Material provided –
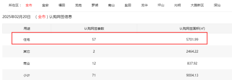 2025年2月20日新房住宅认购网签57套。其中,宝安11套;福田2套;龙岗23套;罗湖4套;南山1套;盐田0套;龙华10套;坪山4套;光明6套;大鹏0套;深汕0套。其中,宝安23套;福田0套;龙岗19套;罗…
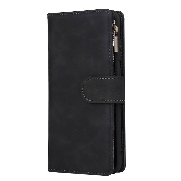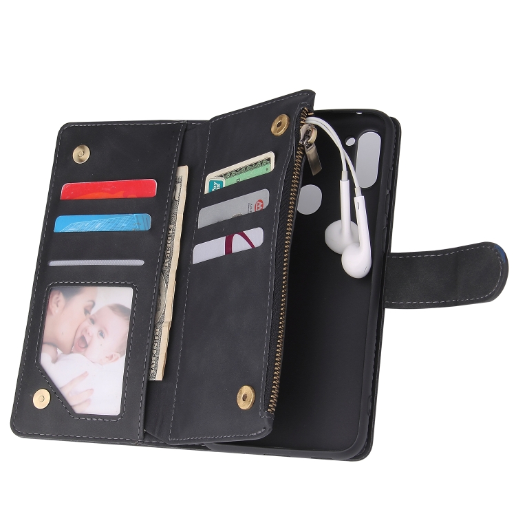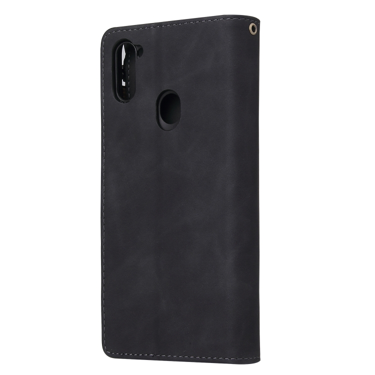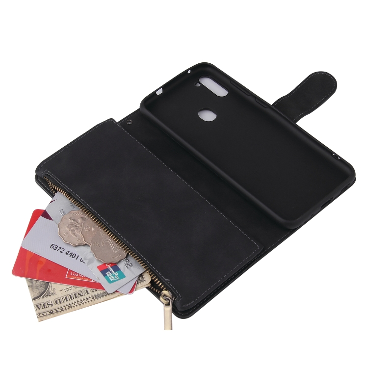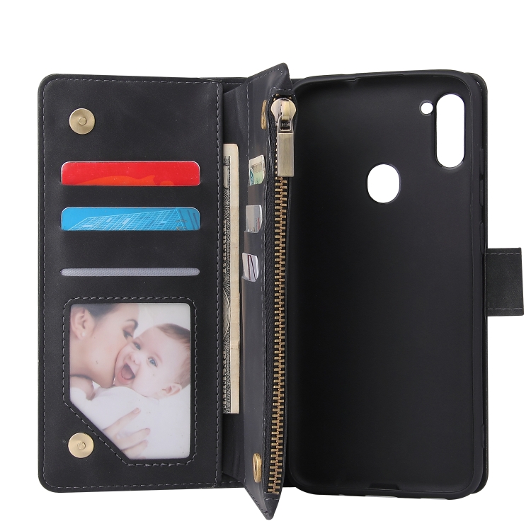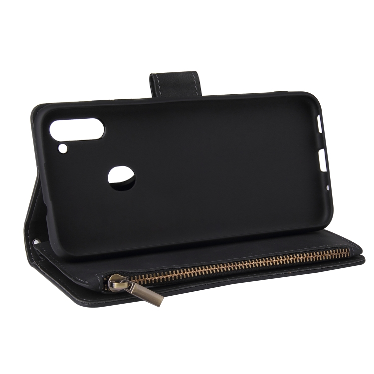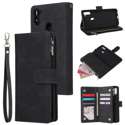 Estuche para Teléfono Samsung Galaxy A11 Cuero con Billetera y Cremallera Multifuncional (Negro)
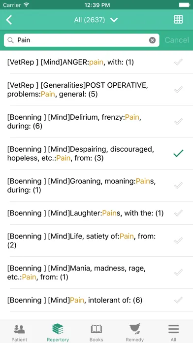 Easy search options let you browse through thousands of rubrics across latest and most authentic Homeopathy repertories like Veterinary Repertory by Dr. Surjit Singh Makker, Kent & Boericke. Record the precise rubrics with just one touch and get the best Homeopathic remedy in the shortest time.

Your instructions – Recopy the full listing exactly, passing over any picture.

Task response –
 2025年2月20日新房住宅认购网签57套。其中,宝安11套;福田2套;龙岗23套;罗湖4套;南山1套;盐田0套;龙华10套;坪山4套;光明6套;大鹏0套;深汕0套。其中,宝安23套;福田0套;龙岗19套;罗…
 Estuche para Teléfono Samsung Galaxy A11 Cuero con Billetera y Cremallera Multifuncional (Negro)
 Easy search options let you browse through thousands of rubrics across latest and most authentic Homeopathy repertories like Veterinary Repertory by Dr. Surjit Singh Makker, Kent & Boericke. Record the precise rubrics with just one touch and get the best Homeopathic remedy in the shortest time.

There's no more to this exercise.